* **Brief**
Could you retype the lines below, starting at the line holding "Power transformer substation." and stopping at the line holding "Az eredeti, monó", inclusive? Copy them exactly and drop the images.

* **Source material**
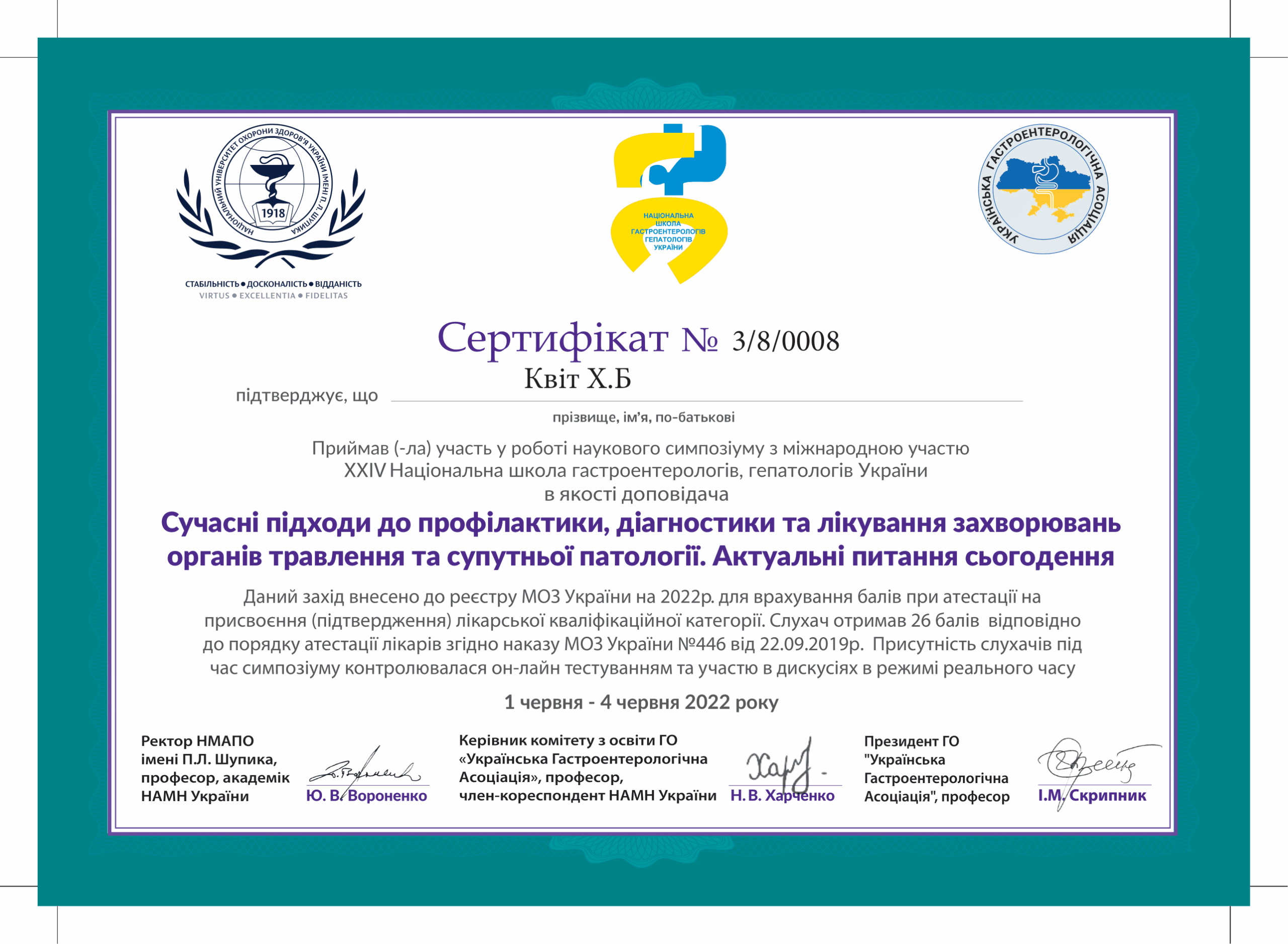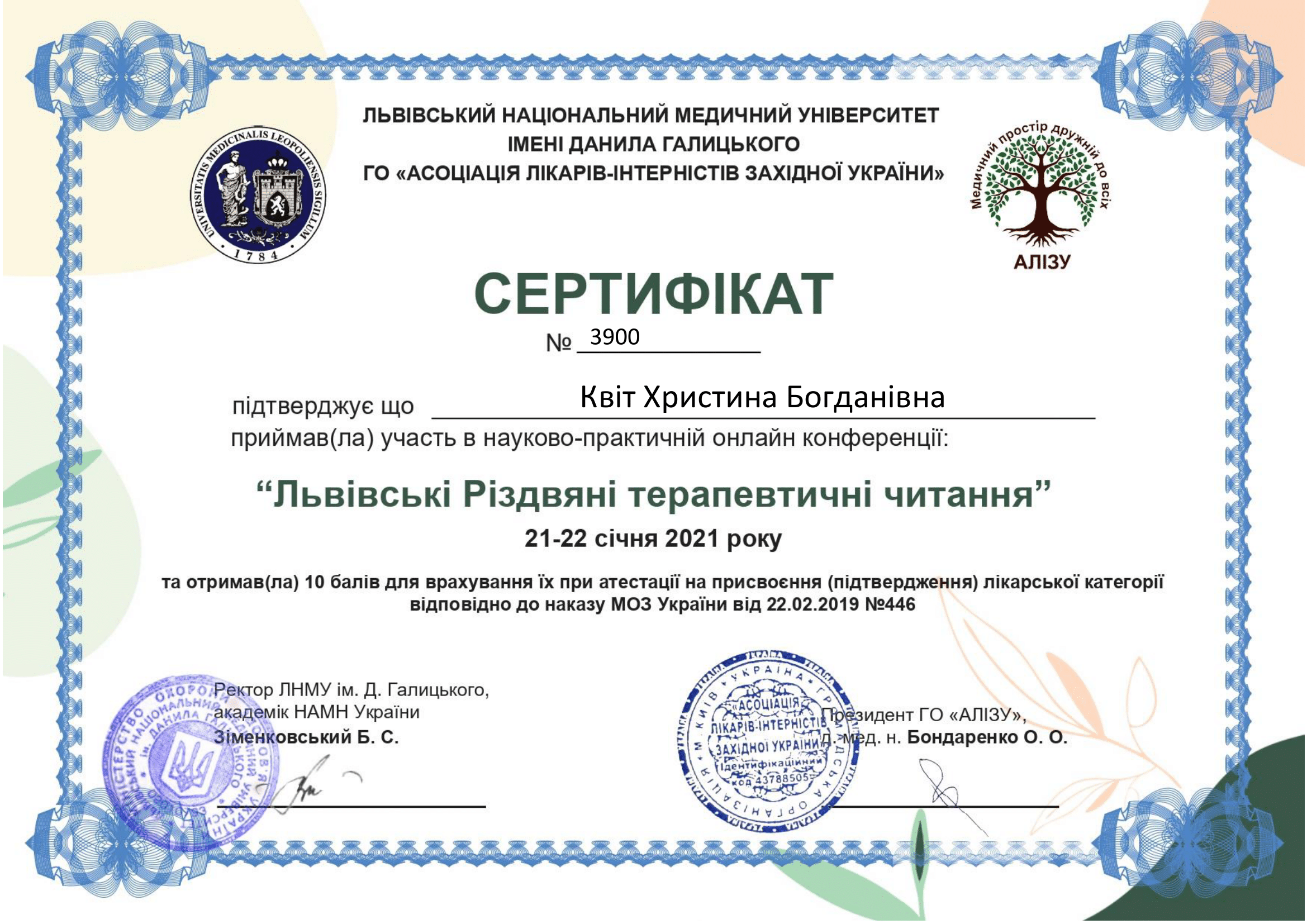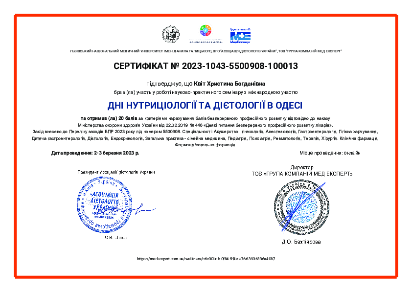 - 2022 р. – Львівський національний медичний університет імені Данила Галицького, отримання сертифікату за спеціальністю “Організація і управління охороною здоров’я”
* * *
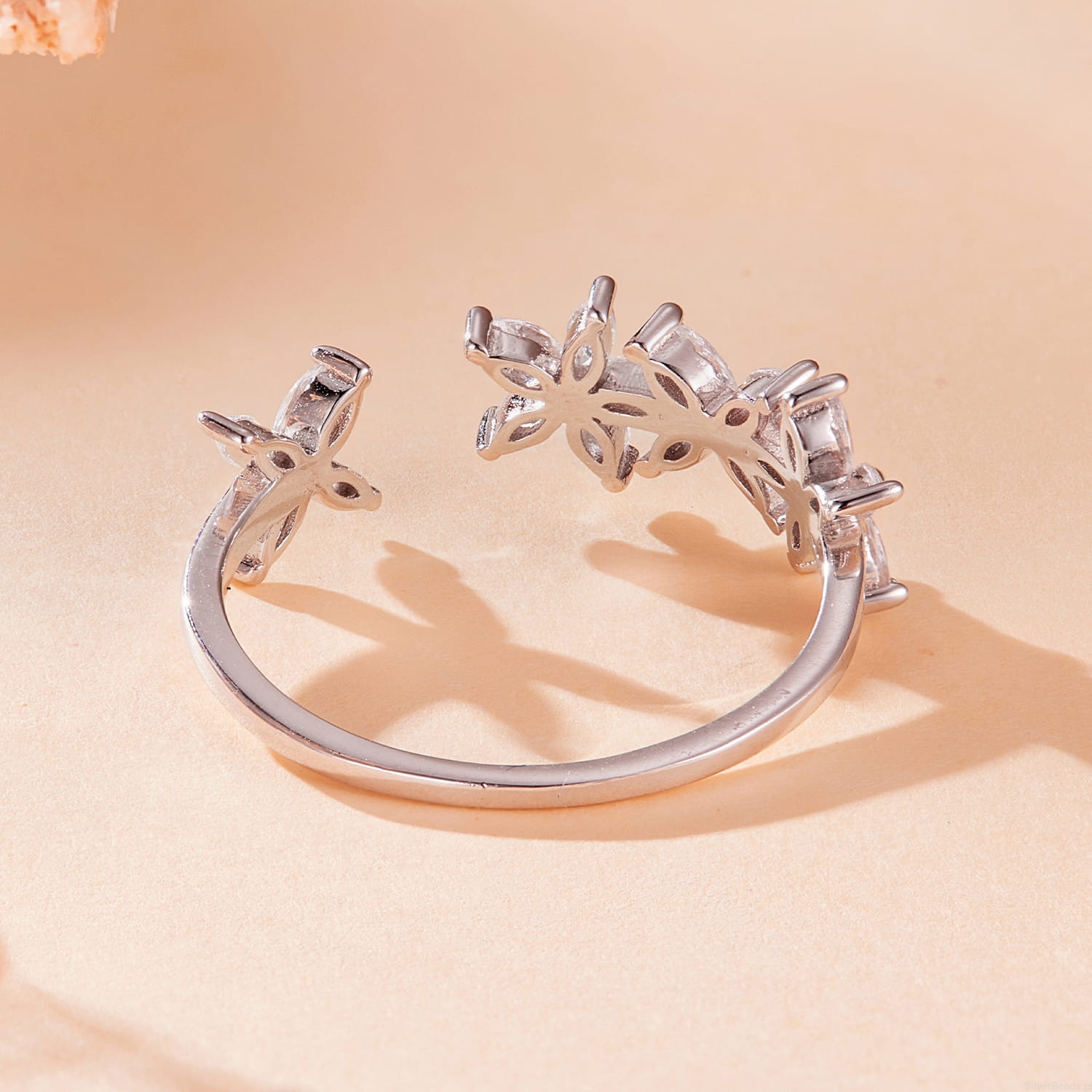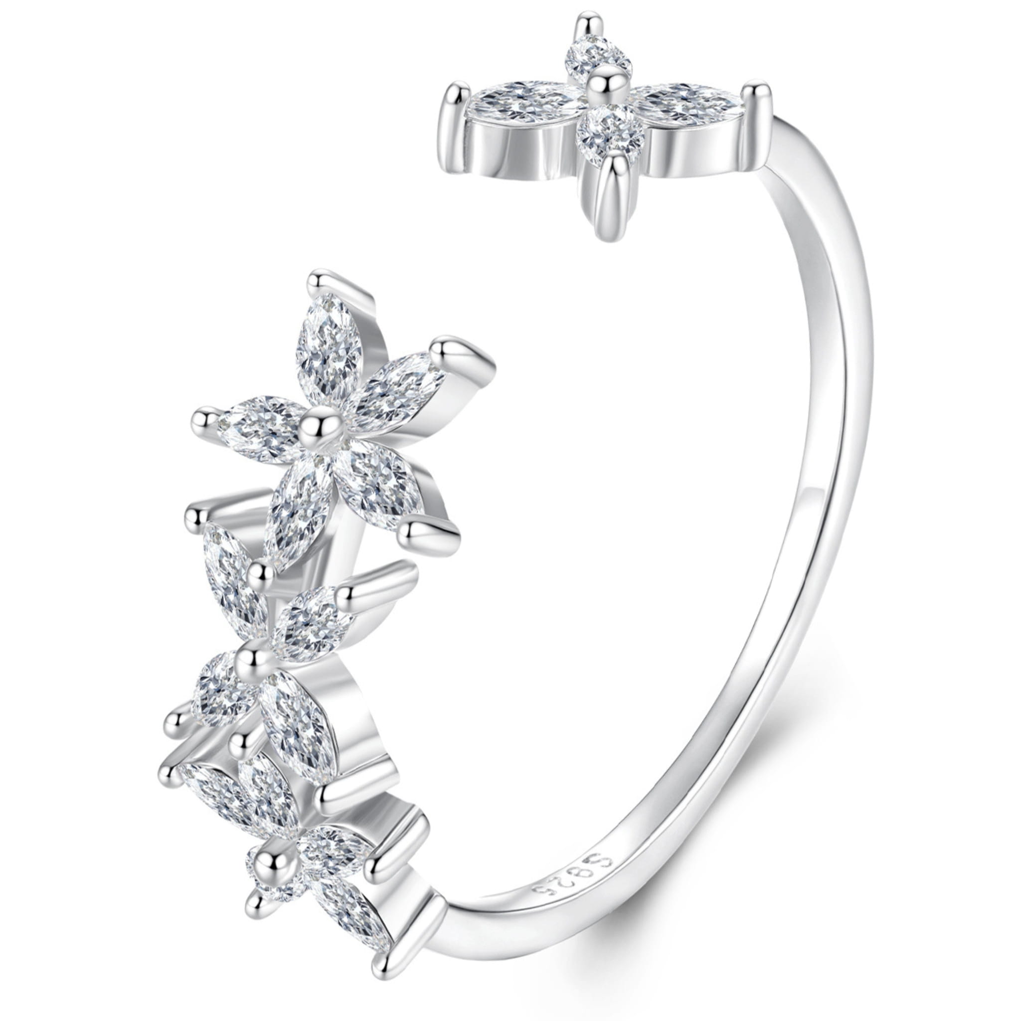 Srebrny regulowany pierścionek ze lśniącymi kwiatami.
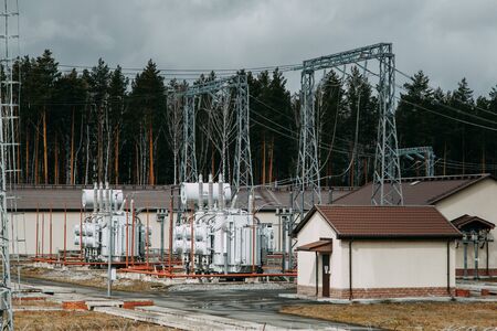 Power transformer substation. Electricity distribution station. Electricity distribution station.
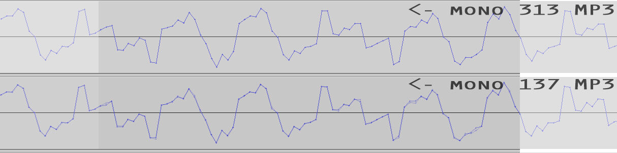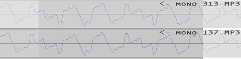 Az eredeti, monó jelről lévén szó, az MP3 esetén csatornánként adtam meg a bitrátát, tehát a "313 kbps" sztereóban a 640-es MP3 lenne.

* **Result below**
 Power transformer substation. Electricity distribution station. Electricity distribution station.
 Az eredeti, monó jelről lévén szó, az MP3 esetén csatornánként adtam meg a bitrátát, tehát a "313 kbps" sztereóban a 640-es MP3 lenne.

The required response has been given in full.